Monday, 05/06/2024 2:07:26 AM

Monday, May 06, 2024 2:07:26 AM

Post# of 798714
It's funny that neither the low profile WSJ Editorial, always with the "taxpayer's risk" when it's null in FnF, as it only buys obligations SPS from companies that buy mortgages with maximum 80% LTV at origination, which took 5 and 6 years for FnF to pay them down (exception to the Restriction on Capital Distributions), respectively, and as a result of fabricated losses, nor Meredith Whitney, mention that the proposal by Freddie Mac is a Personal loan at a whopping 9.5% rate, and with the collateral valued at all time high.
Double risk increase.
Likely, this was the reason why the CEO of Freddie Mac, with 30+ years of experience in mortgage finance, resigned effective March 15th, before it was unveiled.
This product has nothing to do with a mortgage, like a cash-out refinancing as a result of refinancing the entire UPB of the mortgage when interest rates are low.

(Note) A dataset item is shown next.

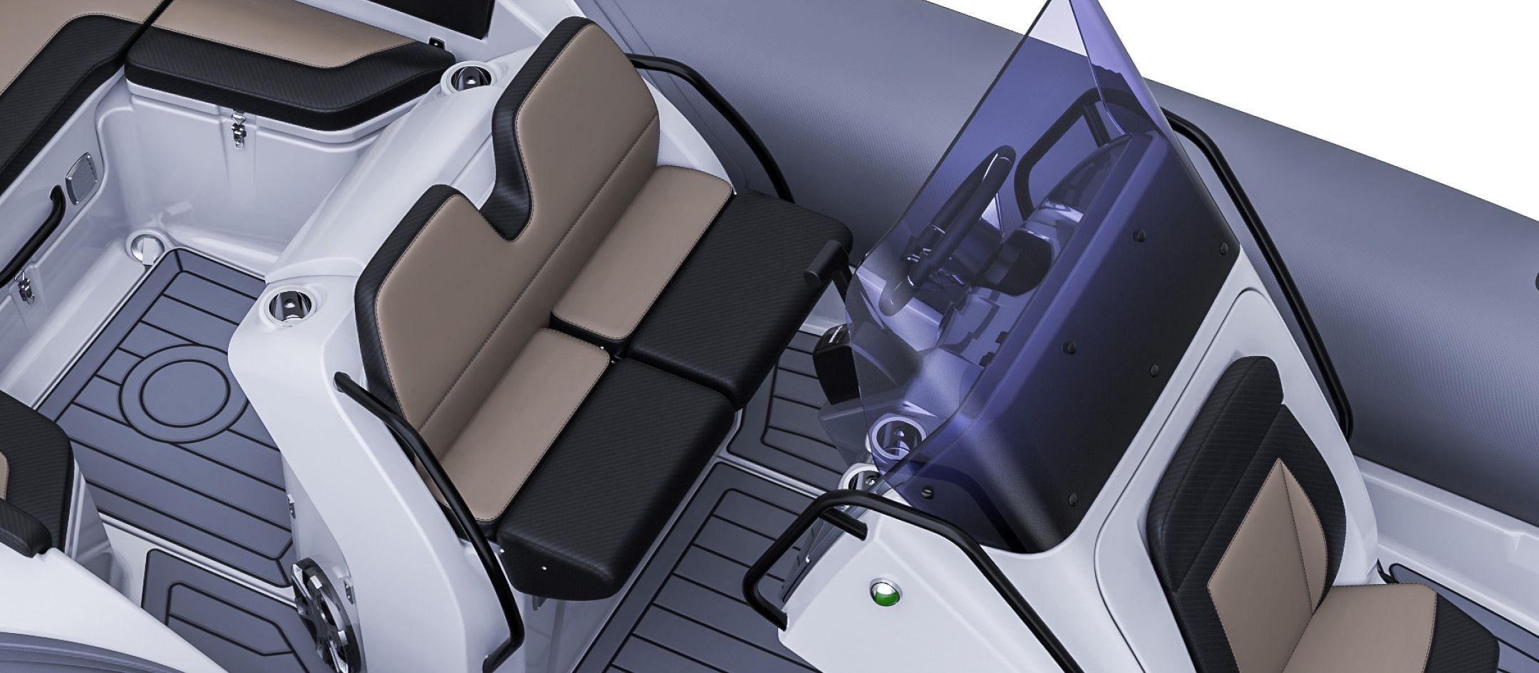 - Fiberglass T-top with integrated speakers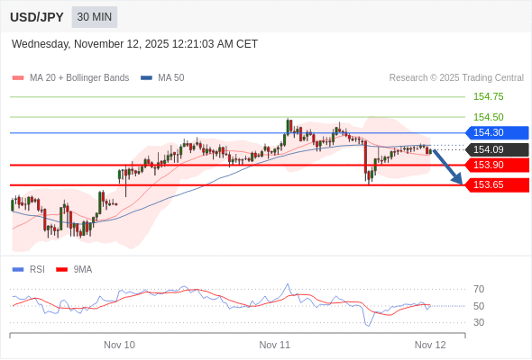 在 154.30 之下,看跌,目标价位为 153.90 ,然后为 153.65 。

On the other hand, the shareholders proposed many years ago, that FnF could repurchase the second-lien mortgages that were a business stolen by the banks, as they used the collateral owned by FnF.
This collateral-sharing was the reason of the robo-signing case in 2009-2010, where the banks (mortgage servicers) wanted to foreclosure on fast, in order to protect their second-lien mortgages, disregarding that a first mortgage gets paid first.
It's estimated that currently, there are $2+ Trillion second-lien mortgages outstanding at low rates, with the collateral owned by FnF.
This could free up the battered balance sheets of the banks, that could start lending again or boost their sound condition, currently with hidden unrealized losses (unaccounted for in Equity, either with change in AOCI or fair value change reflected later in the Retained Earnings account).